Pride is NOT a good thing.

You think God has it easy, watching out for people like me? Hell no. I'm pretty sure that on any given day there are tons of people with the sin of pride who go around thinking--"oh right, like anyone is watching."

I SUCK at being humble, and I know it. Although I do try when I go to my second job (yes, I have two jobs and write. *sigh*). I wear the "nice person" glasses, and I let my hair frizz up, and I swear...people go around other people to get to me--because I'm so NICE-looking. I look like someones aunt, I'm so nice. They want to ask me if I can help them, 'cause they know for sure that sweet as I am (like Mrs. Claus??!!) I will surely help them find that (insert one) patio set, bobble-headed Spiderman toy, or Shower to Shower body powder. Even though nobody uses bath powder anymore, and Spiderman is clearance.

But...I think I'm a good writer.

I try to be humble.

I try to accept crit and learn from it.
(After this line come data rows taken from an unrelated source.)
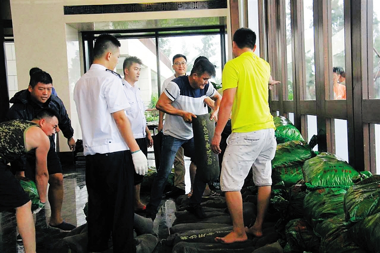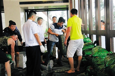 在短时间内,鲁能全体员工即刻到岗,投入到防汛工作中。沙袋、雨具等防汛物资迅速到位,并发放到各项目员工手中;地下室排水设施迅速配备齐全;建立起24小时值班制度,对工地脚手架扣件稳固情况、垃圾清理情况、临时设施稳固情况、临时用电运行情况等防范要点进行巡视排查;玻璃门窗、广告板等重点部位也快速搭好了防护工具。
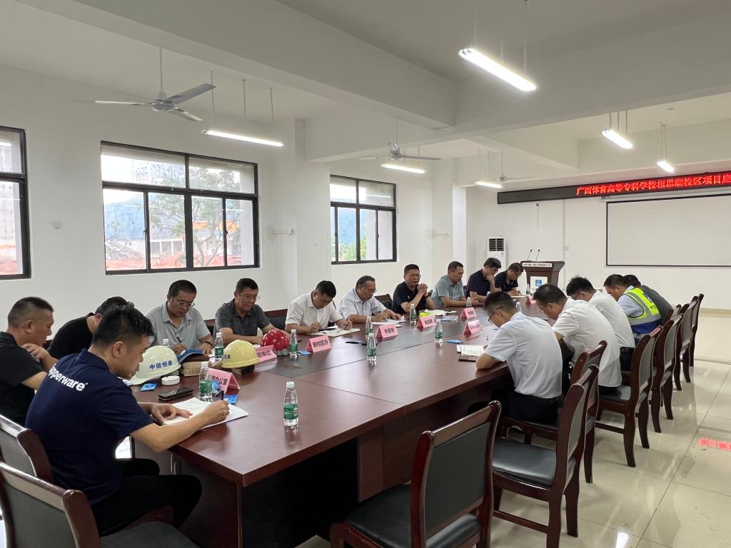 韦建勋校长要求:各参建单位要高度重视项目的政治意义,加强资源统筹,相互配合协作顺利办结项目;要确保协调保障农民工工资支付,做好维稳保障工作;要对照自治区教育厅的有关要求,以良好的现场形象面貌迎接教育厅调研组的第二次调研,确保项目满足办学条件要求。
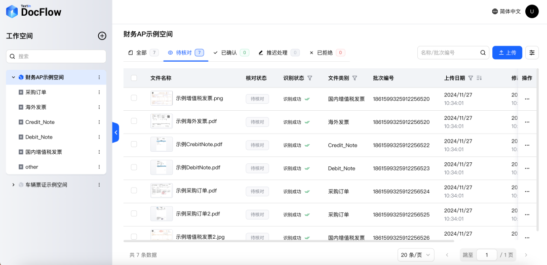 1. 票据上传:通过TextIn Web端上传按钮,选择含手写体金额/日期的票据图像(支持jpg、png、bmp、tiff等图片格式及PDF、OFD文件),支持单张上传或多票据批量上传,混贴票据可直接整体上传,无需提前拆分;
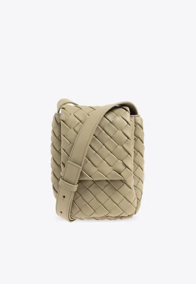 Bottega Veneta Mini Vertical Cobble Intrecciato Messenger Bag In Travertine
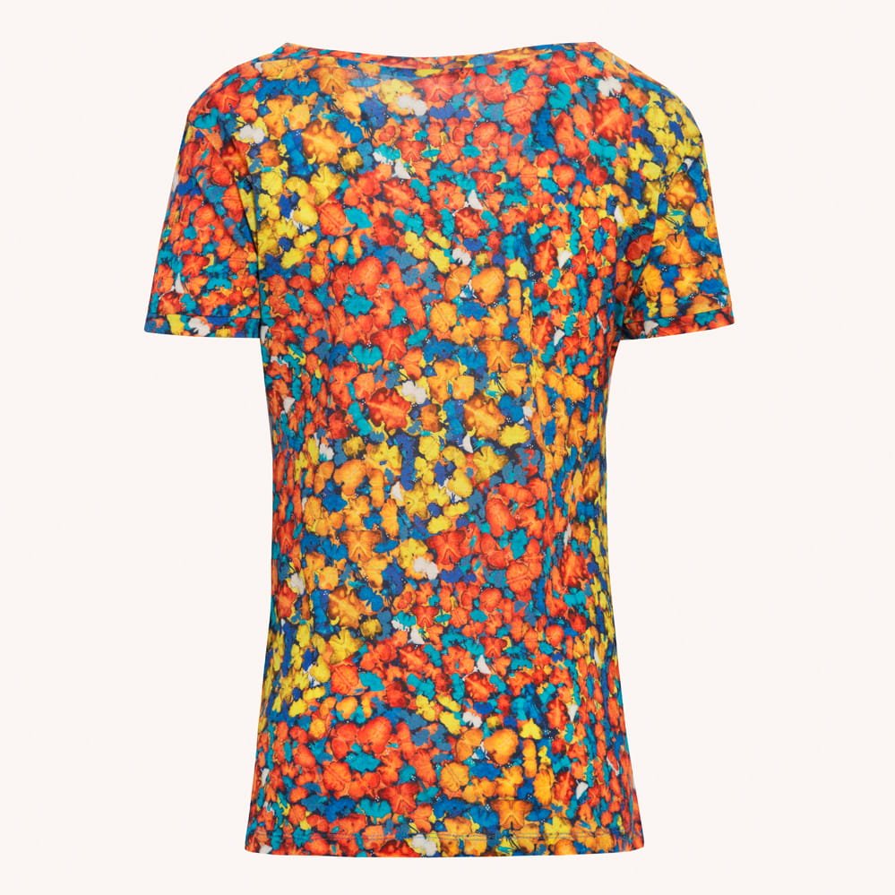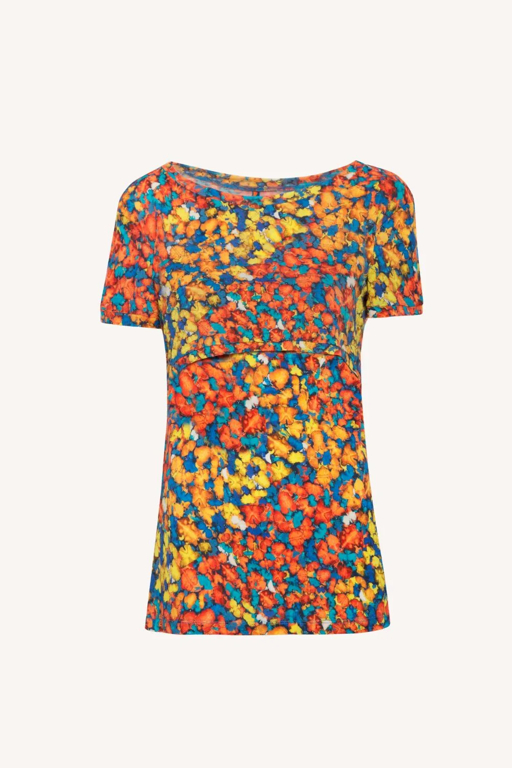 Originální kojicí tričko z 100% merino vlny ve vzorovaném motivu papilio v tónech oranžové, žluté a modré přináší pozitivní energii a přirozenou funkčnost.
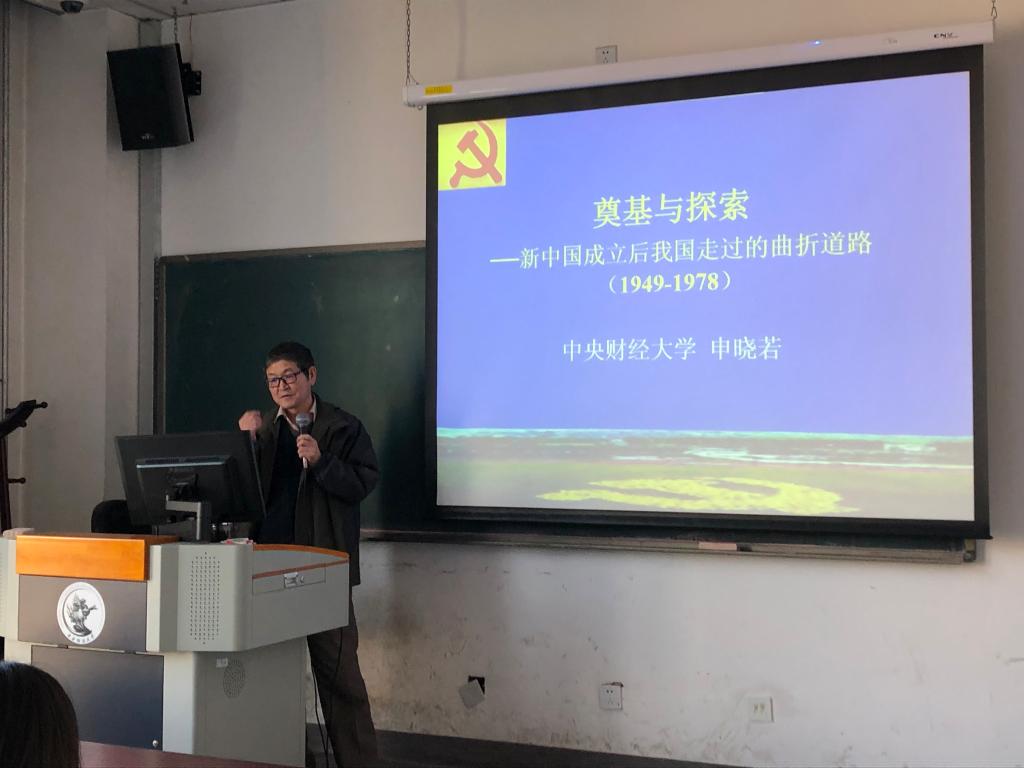 在课程的开始,老师将新中国的历史依据改革开放这一事件,划分了成了两段,一段是1949年到1978年,另一段是1978年至今。对于1949年到1978年这一时期该如何看待,申老师首先引用了江泽民同志和习近平同志的话,认为这一历史时段是中华民族的最重要的历史变革,两段历史时期不能相互否定,帮同学们确定了对这一时期的总认识。之后的课程主要由三部分组成,第一部分是关于抗美援朝和过渡时期的介绍,第二部分是过渡时期之后的社会主义建设,第三部分是这一时期的波折和成就。自近代以来,中国积贫积弱,国家千疮百孔,人民生活在水深过热之中。在这种情况下,中国共产党建立了新中国,毛泽东主席在天安门宣告中国人民站起来了。中国人民志愿军取得了朝鲜战争的胜利,国内恢复生产,人民生活得到了极大的改善,社会风气焕然一新。在第二部分中,申老师主要讲了党从革命党向执政党的转变,介绍了人民政协制度,以及社会主义改造等,并强调中国共产党并非一味照搬苏联,而是根据中国国情采取了更合适的方式进行社会主义建设。在第三部分中,老师既强调了在这段历史时期,发生了“反右扩大化”、“大跃进”、“文革”等错误,但是中国共产党是干实事的党,干实事就肯定会犯错误,中国共产党有魄力承认自己的错误并改正。申老师又介绍了这一历史时期的巨大成就:作为发展的基础,这一时期在我们建立了完善的工业体系,取得了“两弹一星”、人工合成牛胰岛素等重大科学成果,更普及了教育扫除了文盲、留下了雷锋、焦裕禄、王进喜等精神财富,并总结了三条发展经验。
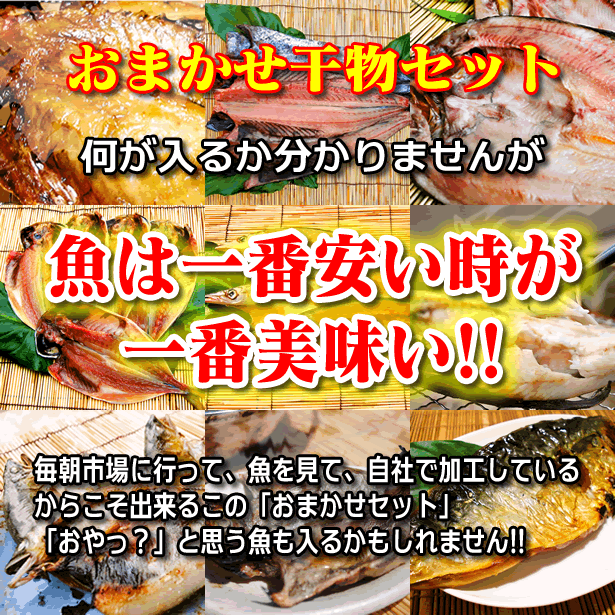 干物の福袋 魚は美味い時が一番安い!! つまり旬となります! 当店定番の商品と旬の魚をセットにしてお届けします! 毎日魚市場に店主自ら足を運んで 旬の魚を仕入れるからこそできるこの「おまかせセット」 開けてビックリのお得なセットです! 商品表示 名称 おまかせ干物セット 内容量 ★
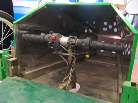 Người ngồi điều khiển chỉ cần cho hai chân duỗi thẳng theo thùng tôn về trước, dựa vào đằng sau. Xe có thể chạy tốc độ tối đa 60km/h, đằng trước có bố trí hai chiếc gương. Tuy nhiên người mới điều khiển sẽ gặp khó khăn vì đầu xe rất dài... Ngoài ra, đặc điểm của xe là chỉ có duy nhất 1 người điều khiển, không còn chỗ dành cho người thứ 2.
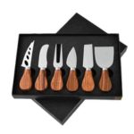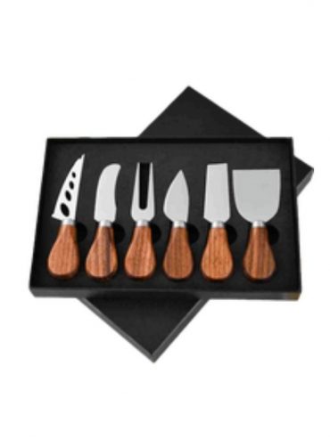 Set de 06 cubiertos para tabla de quesos o eventos sociales, cubiertos con mango de madera acacia. Elegantes y estéticos.
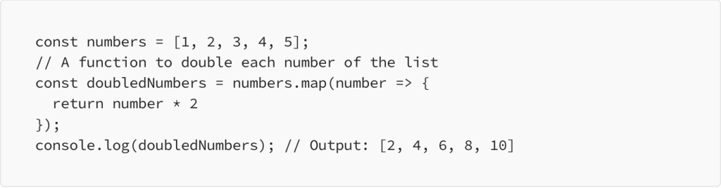 Using map(), we create a new array, doubledNumbers, where each number is multiplied by 2 so the output is [2, 4, 6, 8, 10].

I don't think I've...in the last few years? heard or learned things that I can't use to grow my writing.

But--edits are hard.

It's not that I don't understand the "why". It's the whole "hey? I thought that was good" bit of world-view adjustment I'm going through. I'm not whining (lol, to anyone but my CP, the Space Cowboy--who out of the goodness of his heart, lets me text him when I'm down, or call him when I'm ready to implode and can't stop shaking because I just read something that needs to go "in" the input side and process through to...the "yeah, I'm okay with that" side)but...I've been thinking a lot. Not hard to do when the only things working on me are my hands and some muscle memory.

Things happen for a reason. Like Twelve Step. You've got to get to that point--that low down, sprawled out on your belly, please-just-help-me point where the only direction left is up--before you can start on that second growth stage, like a caterpillar turning into a butterfly.

When I did my regency set adventure/suspense (yeah, Cowboy--I'm talking about the one where Sarah climbs through the window to find Dameral drunk), I wasn't very good. Sure, there were bits where I wasn't bad. But...overall. I was bad. Omni POV, bad transitions. Rotten continuity. Although the names were good. I've always been good at names. Over the next five years, I thought I'd gotten better. I studied everything I could get my hands on, went wildly in the wrong direction--found Gina Welborn and got back on track. (thank you, Gina) And found my editor.

Who is a prize in herself.

I always tell people, "be careful what you wish for."

Like a gift where you cut your hands on the wrapping paper. I'm learning and bleeding.

I use "ing", (God...I never realized how much) and what I thought was a damned tight plot isn't as airtight as I'd hoped.

BUT, and it's a good BUT. I read through a whole bunch of edits tonight, and without the extraneous garbage, I was impressed. Hey! (hubris or not) I'm actually quite good. I felt something. Just like in a "real" book.

Now I'm thinking...do other people go through this? Does it always hurt? I keep coming across threads on RD where people talk about how editors aren't out to get you, and they're trying to make your book better. I know that. But, they don't talk about how--even if you want to be part of that team, if you want to work through your edits, if you want and want and want so badly that anything that can help is gladly accepted--it still hurts.

Even though I was on the point of letting go of HOT CONTRACT and pushing through with my current rough (if I hadn't sold HC to WRP)now I'm back with Keegan and Jen and all the rest of DalCon, and they're mine again.

Sometimes....like tonight, all I could do was sit and hope somebody buys my baby. Because right now--I need a cervical block.

1 comment:

Jennifer McKenzie said...

YES!!!!! I went through this. Every author I've talked to goes through this.
After critiquing and polishing a ms, when an editor STILL sends back several comments, inserts and deletions, it's difficult.
Whining during edits is NORMAL.
Mine was repetitive words--felt, move, pull, pushed--all passive. AND I had to work on my -ing words too.
By the time this book comes out, it will ROCK. So hang in there and think of it like an inventory in the twelve steps. It doesn't FEEL very good in the process, but when it's all done, it feels AWESOME.
After reading some of the exerpts on RD, this one is going on my "Oh Goody List To Buy".